Metal shrieks. Penr lunges, dragging Tavi back. The boy screams as his leg comes free, a high, raw sound that makes half the room flinch. Good. Screaming means air.

Ila reaches under the rack for Miri. The floor shifts. The right wedge slips.

No!

I throw myself forward, jamming my good hand against the wedge before it kicks free. Pain explodes through my wounded arm from the angle. My bandage flares so brightly that blue leaks between my fingers.

The rack drops half a finger. Kavor catches it with both hands. Too much weight. Too much vibration. The floor cracks wider.

“Kavor, no!”

His eyes blaze red at the edges. He does not listen. No. Not true. He hears me. He just chooses the children. Ila pulls Miri free.

“Out!” I shout.

Kavor releases the rack the instant the children clear. It slams down. The cracked floor caves beneath it. The rack, the wedges, and a section of stone vanish into the dark. Dust blasts upward.

People scream.

Kavor grabs me around the waist and hauls me backward before the edge takes me too. For one second, I hang against him. Then duty tears me loose.

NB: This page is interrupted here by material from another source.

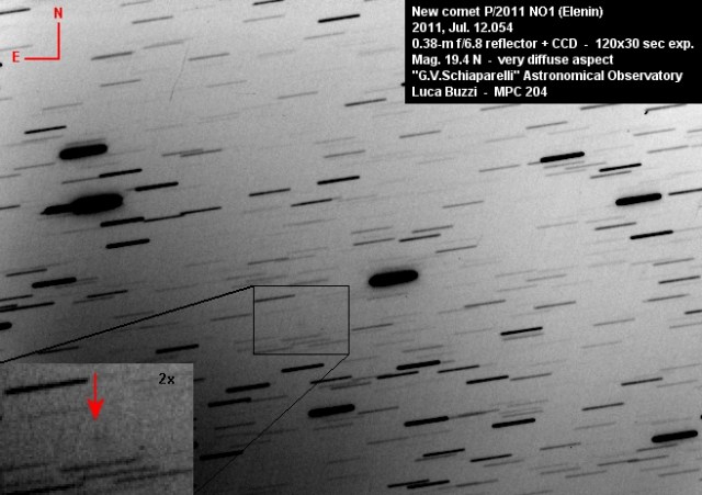 P/2011 N01 was discovered on 2011, Jul. 07.30 by Leonid Elenin and I. Molotov on four 240-s exp. taken with a 0.45-m f/2.8 reflector + CCD from their remote ISON-NM Observatory, New Mexico, USA.

“Back from the hole!” I shout. “Everyone to the east hall. Slow, not running. If you run, the floor answers.”

No one moves. Fear has made them stupid. Frozen in place. I climb onto a fallen stone block so they can see me and ignore the way my legs almost fold.

“Look at me!”

They do. Slow. Numb. Terror written across their faces.

“East hall. Single line. Hands on the wall. Children first. Injured second. No running unless you want the floor under you to do that again,” I say, pointing at the hole.

That works. My people move.

Ila has Miri. Lysa has Tavi. Penr is crying and trying not to. Someone takes the children from them. Someone else starts guiding the line. The City remembers systems when someone tells it how not to die.

My arm burns. Blue glow leaks through the bandage, brighter than before. I tuck it against my side. Kavor sees and moves to stand between me and the room without making it obvious, body angled to block too many eyes.

A wall with a door. My throat tightens. Not now.

“I told you to keep the proof safe,” I say.

“I did.”

He gestures to show the bundles strapped against his chest, higher now, away from dust and grasping hands. Good.

The crowd parts at the far end. Adran enters with two human guards and Virn behind him. Of course. Of all the terrible timings available, politics chooses the one with dust in its hair.

Adran’s face is pale but controlled. Always controlled. He takes in the collapsed floor, the evacuating survivors, Kavor, me, the blood, the bundles against Kavor’s chest. His eyes linger there too long and my body goes cold.

“Sera,” Adran says. “You’re alive.”

A correct statement wearing the wrong expression.

“Yes.”

Virn’s gaze shifts from me to Kavor, then to the hole. His wings tighten. “Where is the zemlja?”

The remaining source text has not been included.